Gesture-Timbre Space: Multidimensional Feature Mapping Using Machine Learning and Concatenative Synthesis
Zbyszyński, Michael; Di Donato, Balandino; Visi, Federico and Tanaka, Atau. 2021. “GestureTimbre Space: Multidimensional Feature Mapping Using Machine Learning & Concatenative Synthesis.”
In: Richard Kronland-Martinet; Sølvi Ystad and Mitsuko Aramaki, eds. Perception, Representations, Image, Sound, Music. Springer International Publishing. ISBN 9783030702090
ABSTRACT
This chapter explores three systems for mapping embodied gesture, acquired with electromyography and motion sensing, to sound synthesis. A pilot study using granular synthesis is presented, followed by studies employing corpus-based concatenative synthesis, where small sound units are organized by derived timbral features.
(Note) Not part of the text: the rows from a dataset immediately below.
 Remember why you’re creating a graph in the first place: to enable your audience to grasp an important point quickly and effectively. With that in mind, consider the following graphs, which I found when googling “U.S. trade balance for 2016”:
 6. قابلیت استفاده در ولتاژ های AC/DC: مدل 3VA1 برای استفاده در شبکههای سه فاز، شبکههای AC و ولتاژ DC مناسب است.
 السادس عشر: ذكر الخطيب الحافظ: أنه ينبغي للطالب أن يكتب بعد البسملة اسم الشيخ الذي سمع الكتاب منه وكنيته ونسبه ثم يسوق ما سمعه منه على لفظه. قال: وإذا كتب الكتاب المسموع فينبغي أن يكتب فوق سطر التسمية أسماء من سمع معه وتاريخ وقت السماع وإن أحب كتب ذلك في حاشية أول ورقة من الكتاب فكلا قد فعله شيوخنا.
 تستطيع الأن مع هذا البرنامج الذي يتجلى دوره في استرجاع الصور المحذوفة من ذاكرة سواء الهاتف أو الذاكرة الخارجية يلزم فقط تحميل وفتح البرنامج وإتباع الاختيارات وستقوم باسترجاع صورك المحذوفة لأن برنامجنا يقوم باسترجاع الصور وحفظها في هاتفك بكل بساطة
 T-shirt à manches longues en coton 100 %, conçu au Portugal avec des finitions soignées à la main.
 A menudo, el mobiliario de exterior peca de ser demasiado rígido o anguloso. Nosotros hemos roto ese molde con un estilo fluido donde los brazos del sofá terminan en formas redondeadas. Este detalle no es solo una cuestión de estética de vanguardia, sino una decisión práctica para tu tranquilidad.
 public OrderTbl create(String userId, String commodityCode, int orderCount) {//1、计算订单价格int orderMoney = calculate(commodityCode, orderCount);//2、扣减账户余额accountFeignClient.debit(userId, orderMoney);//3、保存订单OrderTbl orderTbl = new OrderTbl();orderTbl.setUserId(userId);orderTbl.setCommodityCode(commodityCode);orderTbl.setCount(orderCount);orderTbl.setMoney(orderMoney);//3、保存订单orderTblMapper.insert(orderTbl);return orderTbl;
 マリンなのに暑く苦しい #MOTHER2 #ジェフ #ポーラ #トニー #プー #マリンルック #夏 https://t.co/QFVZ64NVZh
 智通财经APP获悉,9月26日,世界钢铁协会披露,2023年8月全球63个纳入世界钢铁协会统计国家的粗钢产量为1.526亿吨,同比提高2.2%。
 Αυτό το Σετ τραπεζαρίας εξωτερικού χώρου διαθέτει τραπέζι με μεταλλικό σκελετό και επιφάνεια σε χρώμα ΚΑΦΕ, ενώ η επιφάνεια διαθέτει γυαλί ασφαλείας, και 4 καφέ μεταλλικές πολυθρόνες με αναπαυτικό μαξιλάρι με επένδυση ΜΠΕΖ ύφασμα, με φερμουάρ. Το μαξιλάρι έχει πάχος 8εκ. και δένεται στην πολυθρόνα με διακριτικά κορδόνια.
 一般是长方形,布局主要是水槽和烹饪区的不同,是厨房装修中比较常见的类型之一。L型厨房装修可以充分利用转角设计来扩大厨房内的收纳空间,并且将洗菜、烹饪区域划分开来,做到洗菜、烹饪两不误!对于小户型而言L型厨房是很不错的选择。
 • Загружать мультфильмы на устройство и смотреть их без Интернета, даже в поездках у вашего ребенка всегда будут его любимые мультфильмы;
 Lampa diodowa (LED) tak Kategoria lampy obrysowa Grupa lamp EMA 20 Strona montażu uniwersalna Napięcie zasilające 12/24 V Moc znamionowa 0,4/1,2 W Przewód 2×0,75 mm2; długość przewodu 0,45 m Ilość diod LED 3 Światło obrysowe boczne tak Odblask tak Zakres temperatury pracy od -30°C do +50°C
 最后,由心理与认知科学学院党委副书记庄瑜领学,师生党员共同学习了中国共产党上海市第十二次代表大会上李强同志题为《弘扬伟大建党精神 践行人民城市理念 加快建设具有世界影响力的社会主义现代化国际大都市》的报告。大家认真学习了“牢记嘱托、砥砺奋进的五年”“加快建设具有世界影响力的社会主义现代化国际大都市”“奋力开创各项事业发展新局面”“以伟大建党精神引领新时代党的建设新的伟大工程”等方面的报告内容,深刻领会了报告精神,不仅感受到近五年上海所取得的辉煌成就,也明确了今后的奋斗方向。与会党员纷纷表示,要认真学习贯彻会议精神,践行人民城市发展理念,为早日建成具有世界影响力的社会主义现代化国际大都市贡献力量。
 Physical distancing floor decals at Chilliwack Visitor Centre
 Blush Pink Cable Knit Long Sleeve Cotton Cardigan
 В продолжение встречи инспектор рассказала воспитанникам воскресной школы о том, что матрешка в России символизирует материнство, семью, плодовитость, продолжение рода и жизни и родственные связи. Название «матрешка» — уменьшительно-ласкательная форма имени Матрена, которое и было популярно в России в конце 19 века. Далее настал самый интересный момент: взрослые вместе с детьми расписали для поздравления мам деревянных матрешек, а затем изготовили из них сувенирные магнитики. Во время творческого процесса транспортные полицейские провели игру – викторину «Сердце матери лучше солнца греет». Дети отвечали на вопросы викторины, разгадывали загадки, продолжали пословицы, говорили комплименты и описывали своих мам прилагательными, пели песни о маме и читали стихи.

We use interactive machine learning in a mapping-by-demonstration paradigm to create regression models that map high-dimensional gestural data to timbral data without dimensionality reduction in three distinct workflows. First, by directly associating individual sound units and static poses (anchor points) in static regression. Second, in whole regression a sound tracing method leverages our intuitive associations between time-varying sound and embodied movement. Third, we extend interactive machine learning through the use of artificial agents and reinforcement learning in an assisted interactive machine learning workflow.
We discuss the benefits of organizing the sound corpus using self-organizing maps to address corpus sparseness, and the potential of regression-based mapping at different points in a musical workflow: gesture design, sound design, and mapping design. These systems support expressive performance by creating gesture-timbre spaces that maximize sonic diversity while maintaining coherence, enabling reliable reproduction of target sounds as well as improvisatory exploration of a sonic corpus. They have been made available to the research community, and have been used by the authors in concert performance.